Things I love, things I don't
I love eating in this city -- we've had great Vietnamese, Indian and Mexican, we bought yummy cheese and bread and veggies to eat at home. My taste buds love it here.
My nose is less happy. Our apartment smells alternately like a litter box or natural gas. If we keep the windows open to air it out, it's not bad, but if we close up to leave, it's noxious when we return.
The cold winter air helps, but some streets smell horrific. It's not just trash on the curb bad -- it's like years of accumulated vomit and urine or something.
I love walking around. There's always something to look at -- interesting store windows, great people watching, people who look just like their dogs.
Riding the subway is less great. Sometimes it's fine, but today I was 15 minutes late for a breakfast meeting because a broken rail shut down the train I needed. Not knowing how to formulate a plan B on the fly, and without hope of getting a cab during the morning rush, I hoofed it about a mile.
The local markets are fun. Tiny little shops with curious selections and colorful guys (and it is almost always guys) working the counter. The Italian shop on our corner in particular is fast becoming a favorite stop.
FreshDirect and Food Emporium are dreadful. FreshDirect is the mega-marketed online grocer, and when they botched my order and left out a loaf of bread, it became a major challenge to get a refund for it. They wouldn't just deliver my bread, which is what I wanted, or refund my credit card, which I'd have accepted. They wanted to give me a store credit. With past-their-prime mushrooms and no packing slip to check against, I don't want a store credit! Food Emporium, meanwhile, is the big-ish neighborhood grocer, with high prices, limited selection and painfully bad customer service.
Thankfully, there's a Whole Foods in Columbus Circle (where we were last night to see Dan Akroyd and John Belushi's widow).
I'm especially peeved with UPS right now.
We shipped ourselves two big boxes last week to avoid having to schlep too much stuff on the plane. They were to arrive either Friday or Monday, but didn't. Today I tracked them online and found they'd entered the address wrong: E. 80th instead of E. 89th. Now here's the great part: they have my phone number on file, but when they discovered the address was wrong, did they call? No. Instead, get this -- they send a postcard to the recipient. That's right. They send a postcard to an address they know doesn't work to resolve the issue of an address that doesn't work. Not a call to the sender, not a postcard to the sender, not even Googling the recipient to see if they can find a problem with the address.

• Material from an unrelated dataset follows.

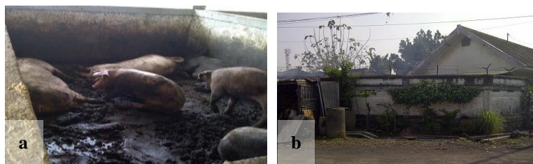
Figure 6. Pig stall. a) inside; b) backside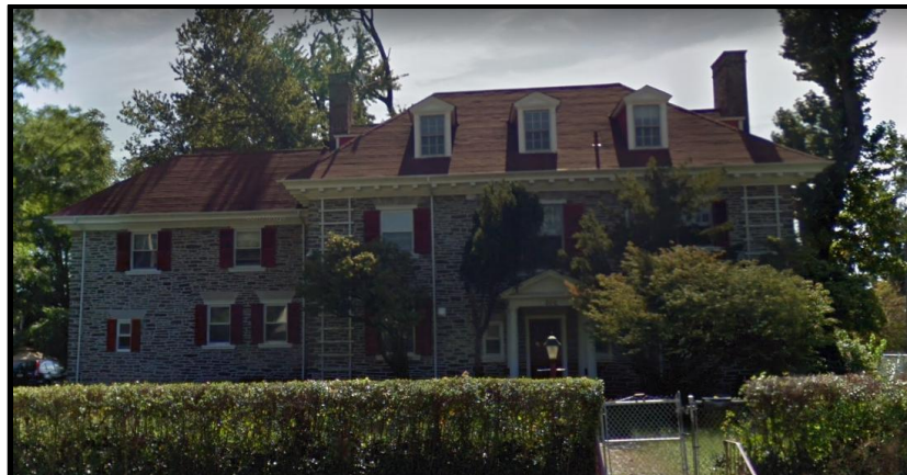
Located at the southeast corner of E. Johnson and Magnolia Streets in Germantown, the Cope House is a large, formal Colonial Revival style dwelling that was historic in inspiration, but distinctly modern at the time it was built.

It's ridiculous. Isn't a phone call faster and cheaper, and more likely to get results?
Overall, though, we're having a great time.
People are almost without exception friendly and helpful. Pull out a map and you're all but certain to have a stranger offer to help you find your destination.
We've gotten lots of help making the whole thing work, from our neighbor down the hall helping us when we had stuff to move in, to our vet calling in a prescription for Haley's food to the vet across the street.